Sensitivity of current magnitude in different channels to changes in external [K⁺]. (A–B) Data were derived from experiments in Fig. 8, where the percentage change in current was measured by comparing the current magnitude in trace 2 (dashed lines) to that in trace 1. Data for Kv2.1 in A and B are identical and were duplicated for ease of comparison to other channels. Straight lines are linear regression fits to the data.
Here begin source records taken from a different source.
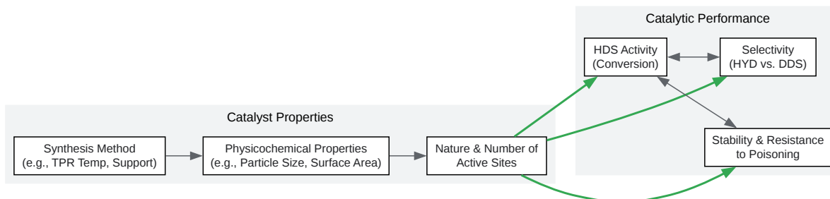
Relationship between Synthesis, Properties, and Performance of WP Catalysts

Click to download full resolution via product page
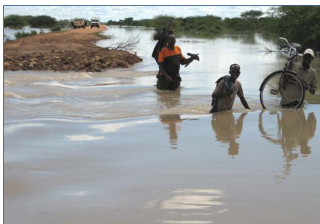
Wading through flood waters, Kenya

People can circumnavigate the globe in less than 24 hours, carrying diseases with them and exposing others even before manifestation of symptoms. Surveillance of disease has become international in scope, as evidenced by the
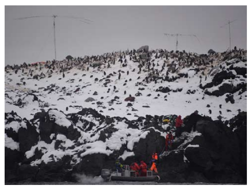
Moving material up the rock-faced cliff at VP8STI.

two gentlemen spent endless hours over the two years while preparing for this trip.
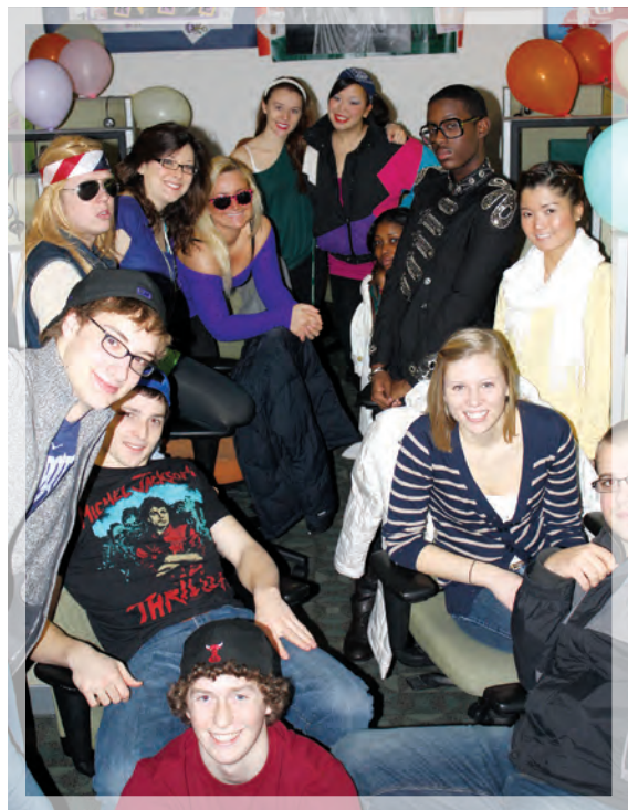
Greenline callers pause for a picture at the end of the 80s theme shift.

It's not your typical work place. For one thing, no one appears to be over the age of 25. The workstations are compact cubbies equipped with computer screens and each worker is wired in to a headset. No one looks tired, stressed or unhappy despite the fact that the hour is fast approaching 10:00 p.m.
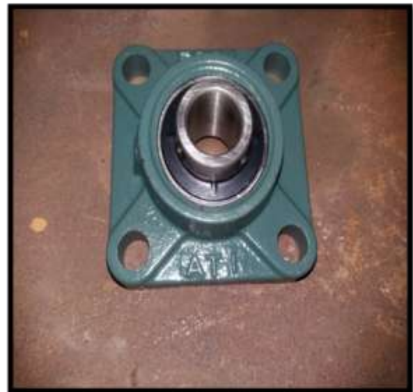
Fig. 3: Special Purpose Bearing (Ball Thrust Bearing).
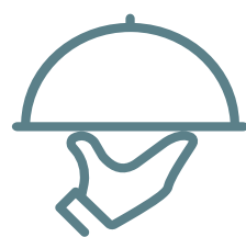
Food and Beverage Delivery
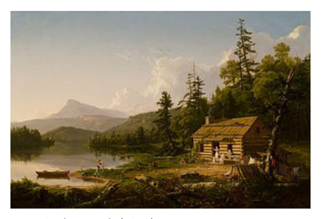
Home in the Woods (1847)

has its legend, worthy of poet's pen or the painter's pencil. But American associations are not so much of the past as of the present and the future. Seated on a pleasant knoll, look down into the bosom of that secluded valley, begin with wooded hills--through those enamelled meadows and wide waving fields of grain, a silver stream winds lingeringly along--here, seeking the green shade of trees--there, glancing in the sunshine: on its banks are rural dwellings shaded by elms and garlanded by flowers--from yonder dark mass of foliage the village spire beams like a star. You see no ruined tower to tell of outrage--no gorgeous temple to speak of ostentation; but freedom's offspring-peace, security, and happiness, dwell there, the spirits of the scene.
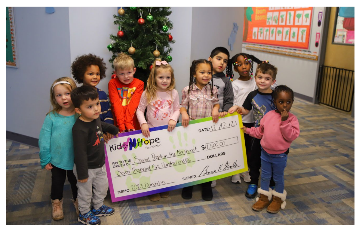
The Kids-N-Hope Foundation presents Special People in the Northeast (SPIN) with a check for $7,500.
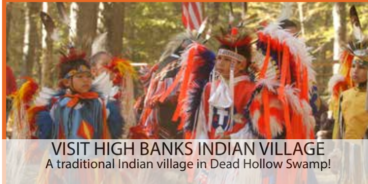
VISIT HIGH BANKS INDIAN VILLAGE A traditional Indian village in Dead Hollow Swamp!
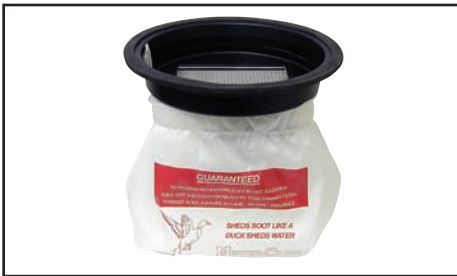
Complete HEPA Filter Assembly consisting of air seal gasket, polyester prefilter, spacer sleeve and Dacron filter bag (B160009)
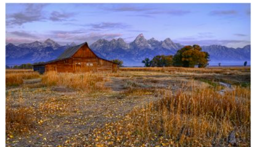
Rose Epps Moulton Barn at Sunrise
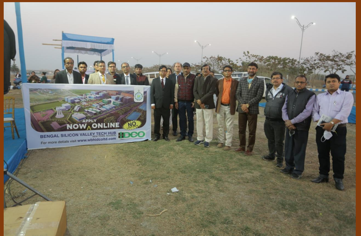
Hon'ble Chairman along with the officials of New Town Kolkata city authorities
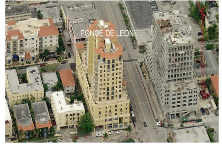
Built in 2008 - 70 units - 14 floors
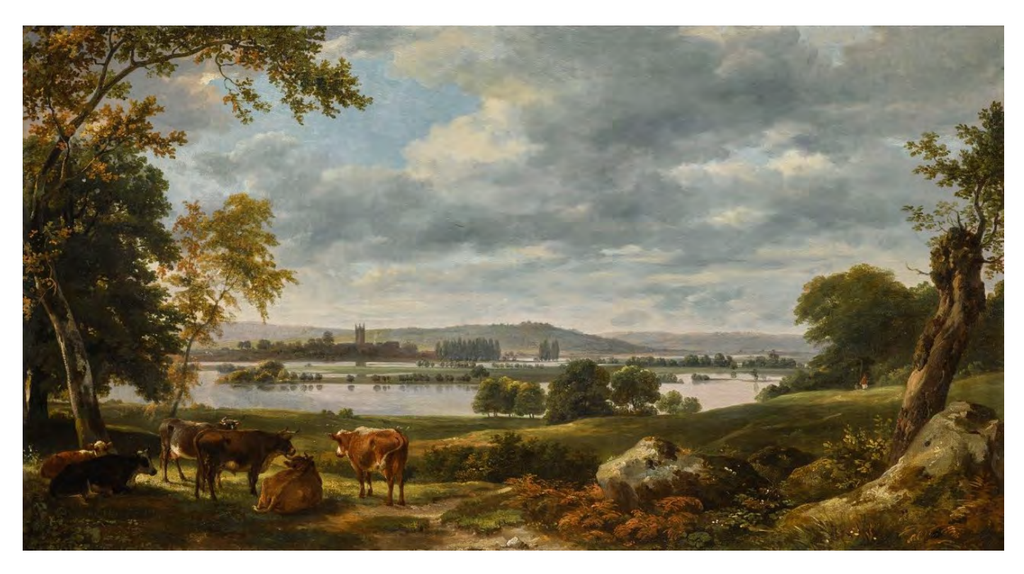
Dedham Vale with the River Stour in Flood, 1814-17, oil on canvas, 22x39 inches, Private

The painting appears to have been commenced en plein air, before completion in the studio. It's a painting much influenced by Aelbert Cuyp, whose bucolic cattle scenes were very popular amongst the English aristocracy; certainly one of Constable's most successful paintings to date.
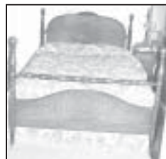
4 Poster Bed

Magic Chef 17.5 Cu. Ft. Refrigerator Corner Shelves Frigidaire 10 Cu. Ft. Upright Freezer Magazine Racks Entertainment Center Wood Plant Stands Kirby Ultimate Vacuum (1 Year Old) Double Tubs Swivel Rockers Small Kitchen Storage Cabinet Wood Cabinet Base Wood Cabinet Top
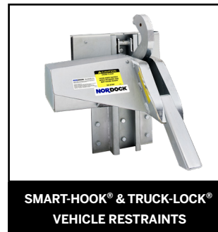
SMART-HOOK® & TRUCK-LOCK® VEHICLE RESTRAINTS
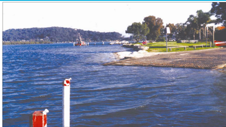
Correa Bay boat ramp
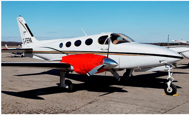
Cessna 340 Insulated Engine Covers
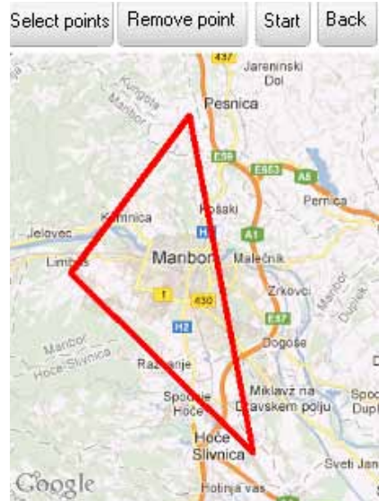
Fig. 6. Creating the Flight Plan on the Mobile Device
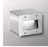
SL603W-N 4"x5" Surface. Also available in: L606-L609-L612 sizes
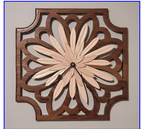
Michael Fornaciari - Clock Walnut, Maple - Arm-R-Seal
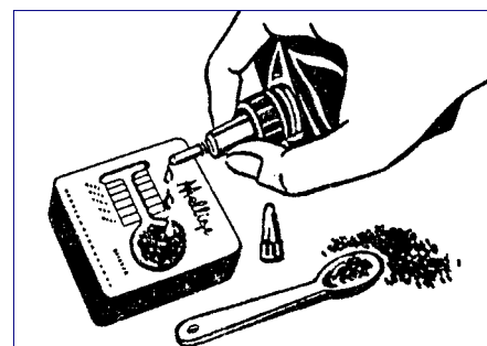
Adding indicator liquid to the sample
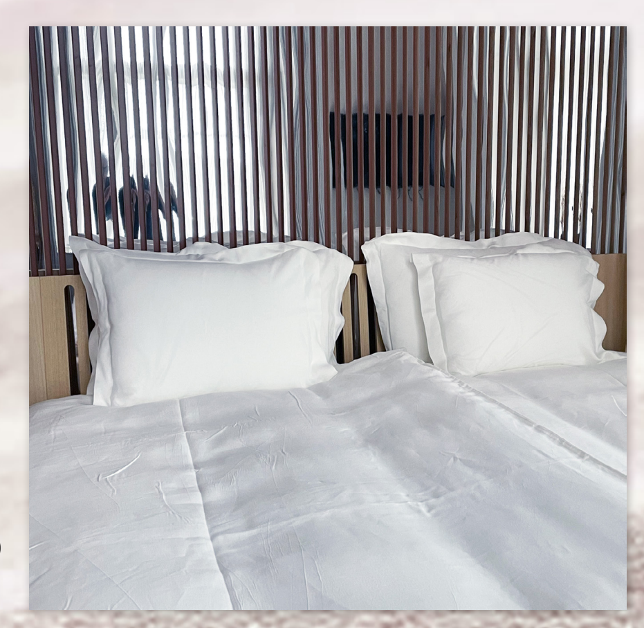
Villa Copenhagen, Denmark, Earth Suite: Hemp Copenhagen bed linen, Scandinavian style,

Our bed linens are made of plain weave (or satin weave) 100% European Hemp, ca. 180 GSM.
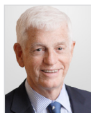
MARIO J. GABELLI, CFA Chief Executive Officer GAMCO Investors, Inc.
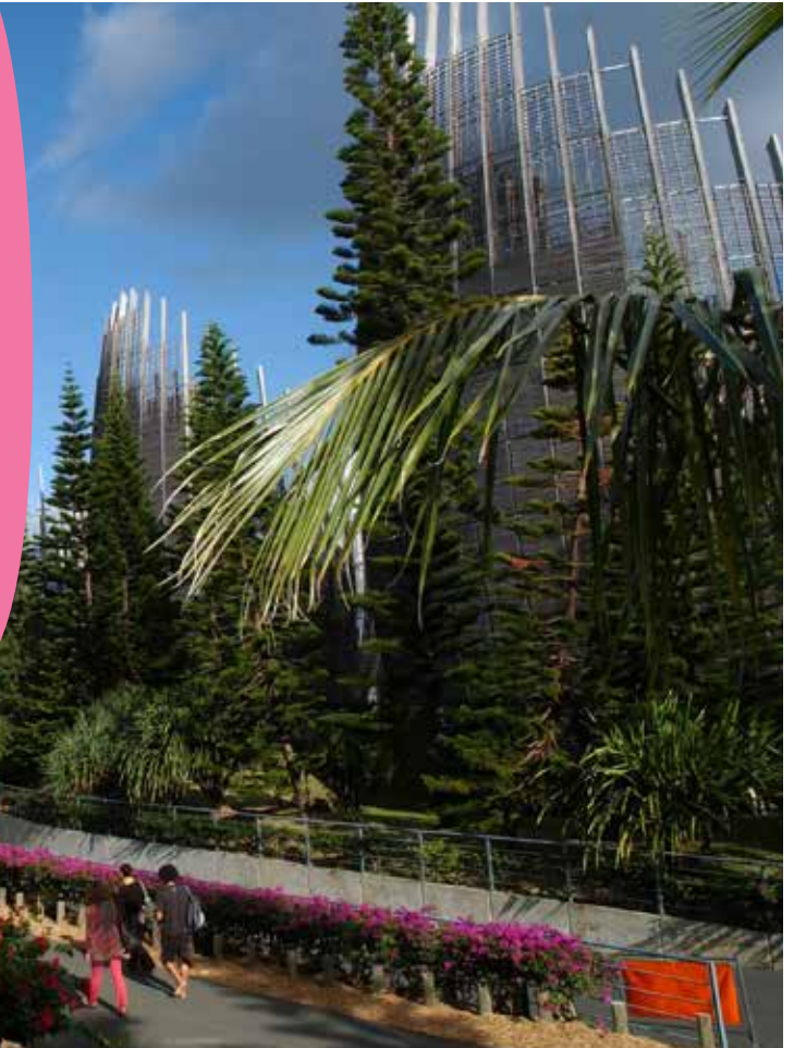
TJIBAOU CULTURAL CENTRE

The Kanaks have a long association with the arts, and the Tjibaou Cultural Centre, located along a ridge line on a peninsula about eight kilometres northeast of Nouméa, also makes for an interesting family visit. Designed to promote the heritage of the Kanak people, the complex contains 10 pavilions based on original indigenous design. It's architecturally impressive and includes an art centre, exhibition spaces, multi-media library and a landscaped park that the whole family can enjoy.
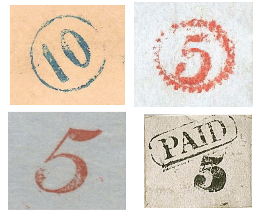
Figure 1A (top left). Clipped slip of paper with blue "10" in circle.

The Oakway is a circular-cut handstamped adhesive tied by a manuscript "Paid" with a matching "Oakway S.C./Sept. 18, 1861" manuscript postmark used on a cover to James E. Hagood at Pickens Court House, S.C. It is from a well-known correspondence. Receipt docketing on the back indicates J.B. Sanders, the Oakway postmaster, was the sender.
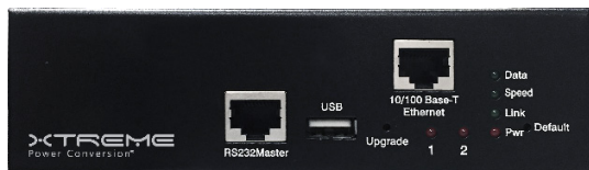
SPD-0215 front view
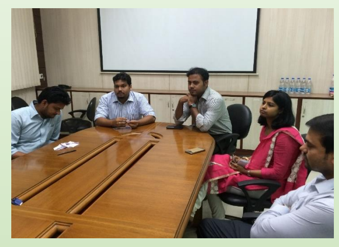
Extempore Competition at Corporate Office, Kolkata
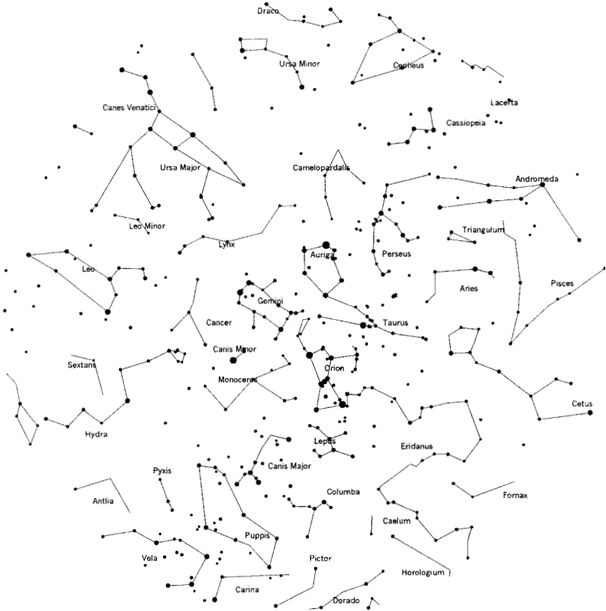
Figure 1.2. Northern winter evening sky as seen from a suburban location. Stars shown to magnitude 4.5.

These star charts were created by the author using Epoch 2000 Sky Software, and are included by kind permission of Meade Instruments Corporation.
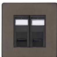
2 Gang Secondary Line X09.156.BK 2 Gang Master Line X09.157.BK
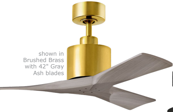
shown in Brushed Brass with 42" Gray Ash blades
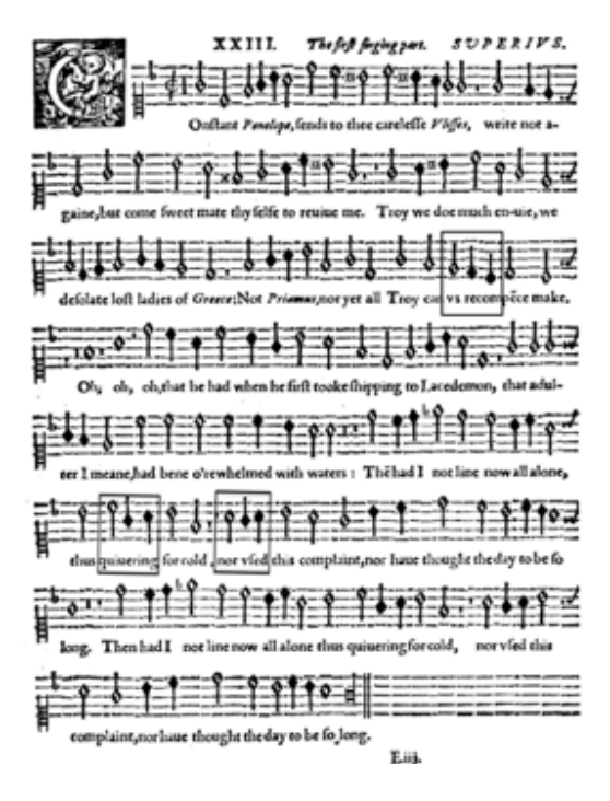
Figure 1: "Constant Penelope," from William Byrd, Psalms, Sonnets and Songs of Sadness and Piety, 1588. The metrical corrections are outlined.

Figure 1 is one of the surprises: in 1588, William Byrd published a setting of a bit of Ovid's Heroides, the opening eight lines of Penelope's epistle to Ulysses, translated by an anonymous poet into English quantitative measures. Byrd understood the scansion perfectly, setting long syllables to minims and short syllables to crochets. The music even corrects three errors in the metrics.<sup>6</sup>
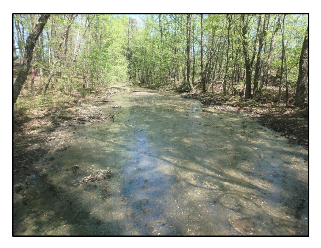
Waters 3TT – Perennial
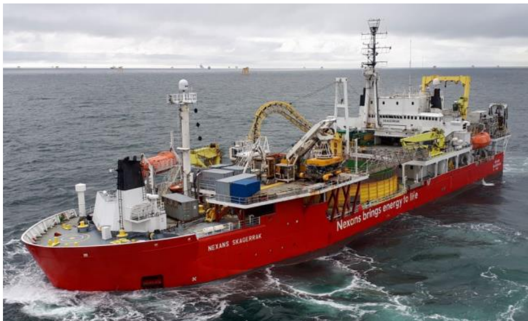
Figure 2. PLGR Vessel ‘C/S Nexans Skagerrak’
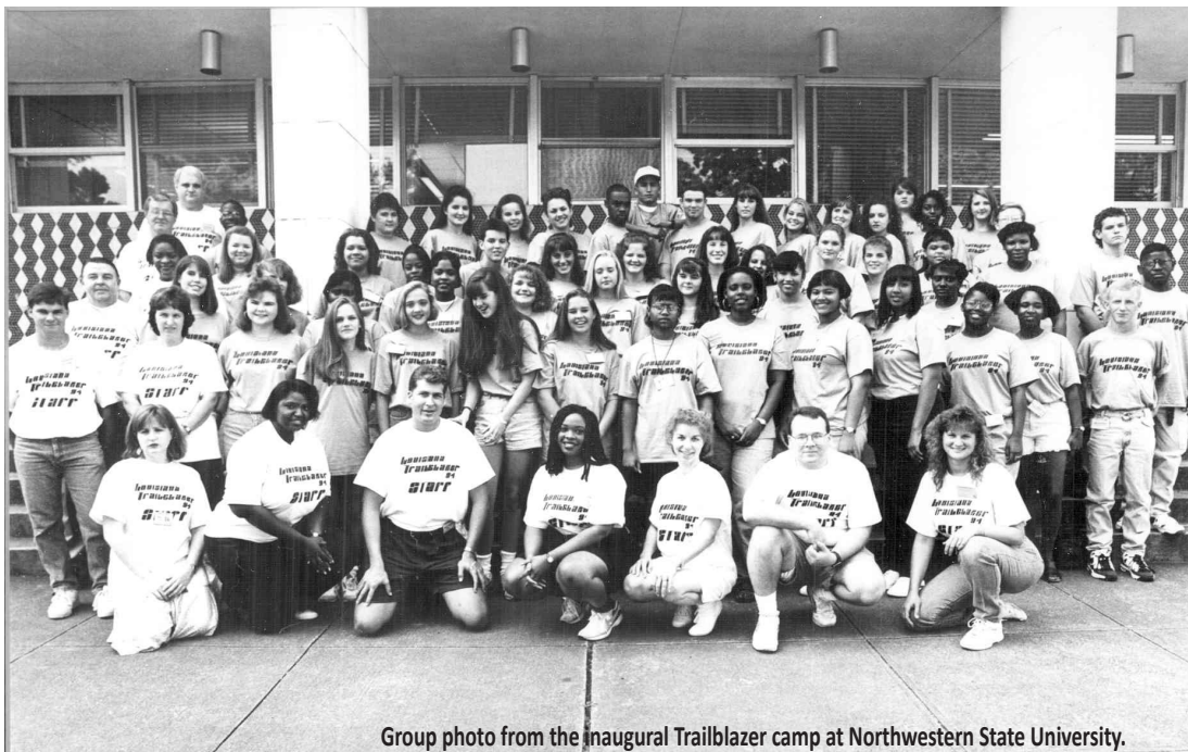
Group photo from the inaugural Trailblazer camp at Northwestern State University.

The camps were not all business. Students were treated to nightly entertainment, including a dance and karaoke event and visits to the campus recreation centers for basketball, volleyball, and swimming.
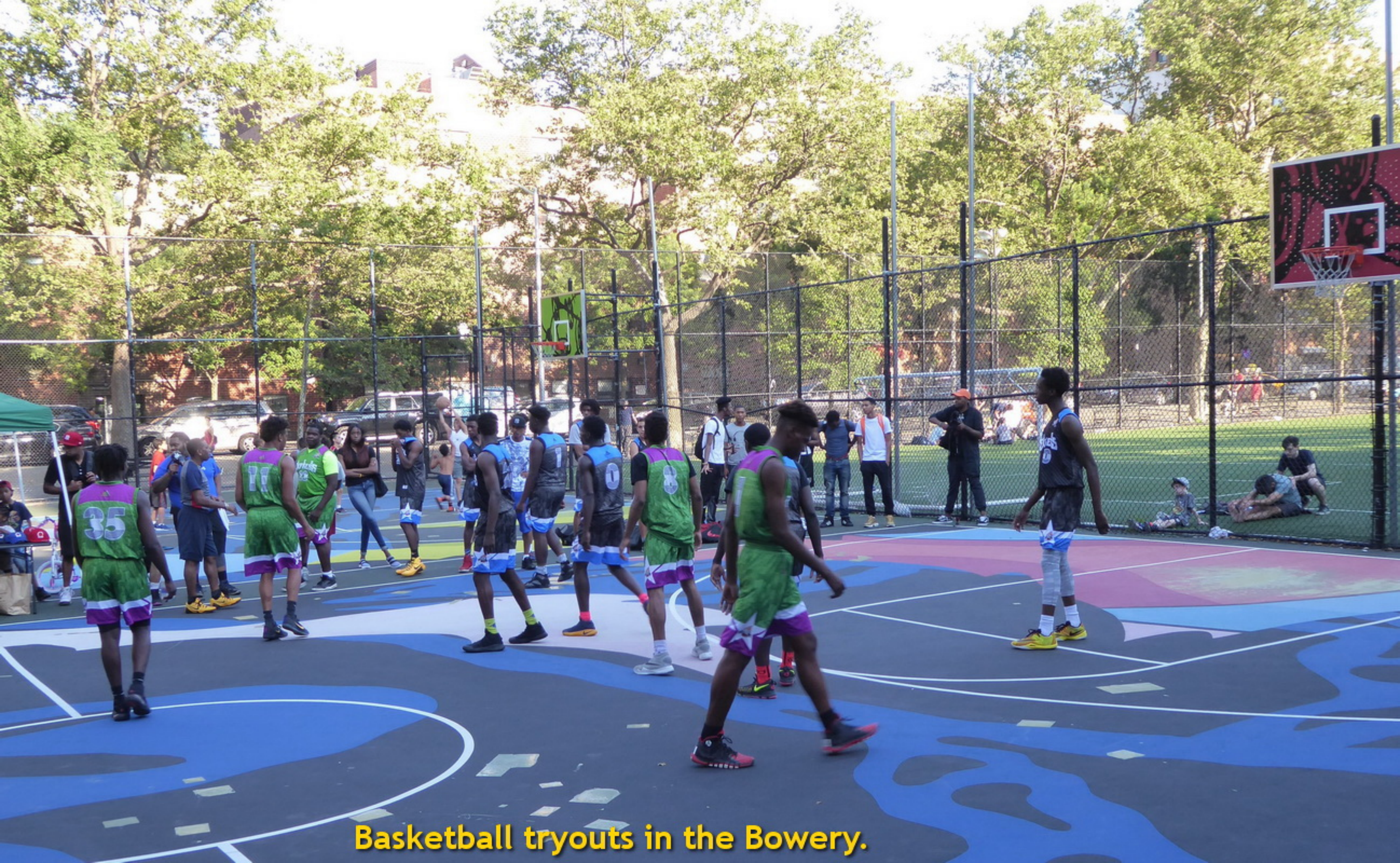
Basketball tryouts in the Bowery.
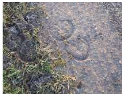
Usage by Horse
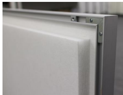
View of back side, doubled
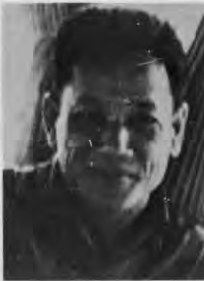
Lt. General Tran Van Tra
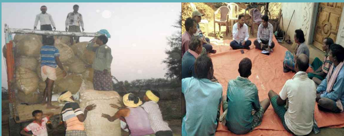
Prabeer Organic Agriculture Producer Company Limited

Each data point represents 3–9 cells tested. (C, top) Currents recorded from channels indicated at a membrane potential of −20 mV. Solid line is current recorded in 0 mM external K⁺. The dashed line illustrates current recorded when external [K⁺] was switched from 0 to 10 mM 100 ms after the start of the depolarization. Calibration bars, 0.5 nA for wild-type Kv2.1; 1 nA for all other channels. (C, bottom) Data were collected and linear regression fits obtained for all channels as in A and B. The slope of the regression is plotted on the ordinate.